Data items
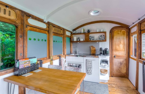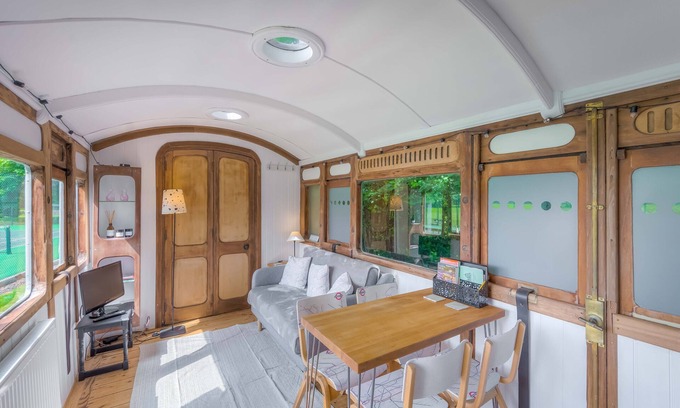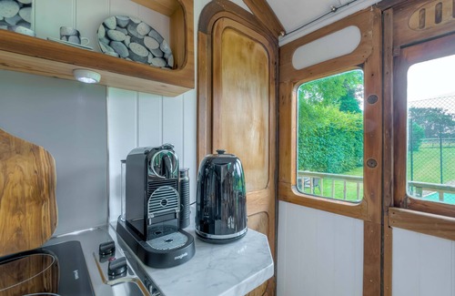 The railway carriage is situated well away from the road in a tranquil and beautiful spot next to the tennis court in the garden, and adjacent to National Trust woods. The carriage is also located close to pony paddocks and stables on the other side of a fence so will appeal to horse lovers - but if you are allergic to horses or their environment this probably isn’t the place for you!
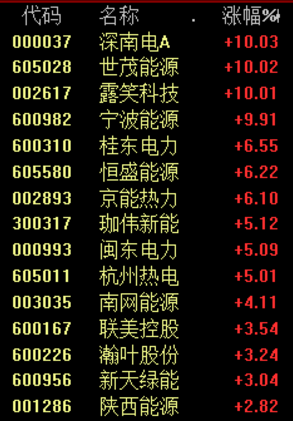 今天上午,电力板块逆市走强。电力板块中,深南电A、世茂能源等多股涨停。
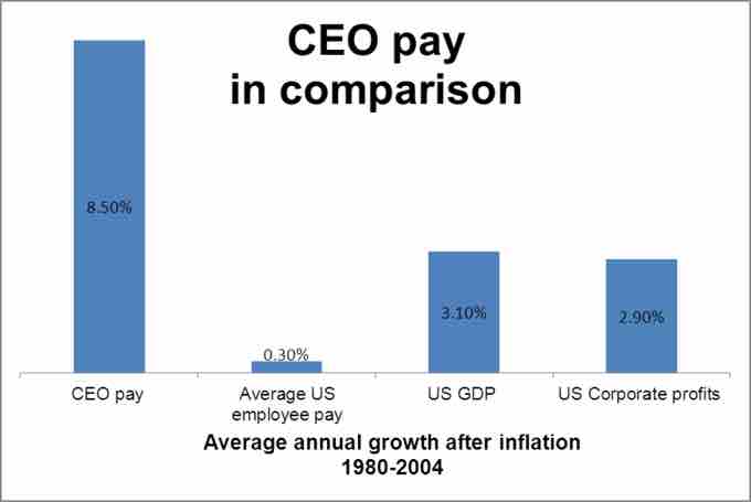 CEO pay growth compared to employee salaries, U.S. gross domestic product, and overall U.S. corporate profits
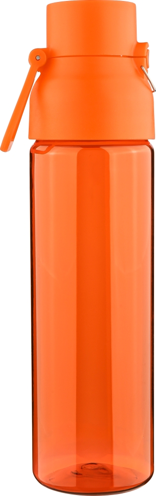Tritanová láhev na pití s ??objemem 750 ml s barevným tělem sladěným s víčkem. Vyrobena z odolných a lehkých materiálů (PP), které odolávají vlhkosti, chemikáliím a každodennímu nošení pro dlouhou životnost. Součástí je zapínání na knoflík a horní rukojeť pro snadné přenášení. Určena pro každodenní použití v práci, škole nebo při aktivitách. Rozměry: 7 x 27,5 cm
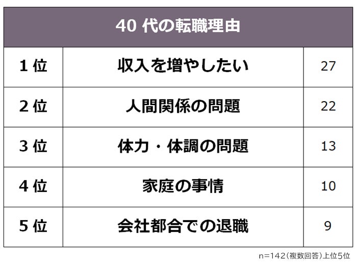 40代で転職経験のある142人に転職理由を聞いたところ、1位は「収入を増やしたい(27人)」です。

* **Aim of the exercise**
Could you restate each record word for word, keeping the pictures out?

* **Solution for this problem**
 The railway carriage is situated well away from the road in a tranquil and beautiful spot next to the tennis court in the garden, and adjacent to National Trust woods. The carriage is also located close to pony paddocks and stables on the other side of a fence so will appeal to horse lovers - but if you are allergic to horses or their environment this probably isn’t the place for you!
 今天上午,电力板块逆市走强。电力板块中,深南电A、世茂能源等多股涨停。
 CEO pay growth compared to employee salaries, U.S. gross domestic product, and overall U.S. corporate profits
Tritanová láhev na pití s ??objemem 750 ml s barevným tělem sladěným s víčkem. Vyrobena z odolných a lehkých materiálů (PP), které odolávají vlhkosti, chemikáliím a každodennímu nošení pro dlouhou životnost. Součástí je zapínání na knoflík a horní rukojeť pro snadné přenášení. Určena pro každodenní použití v práci, škole nebo při aktivitách. Rozměry: 7 x 27,5 cm
 40代で転職経験のある142人に転職理由を聞いたところ、1位は「収入を増やしたい(27人)」です。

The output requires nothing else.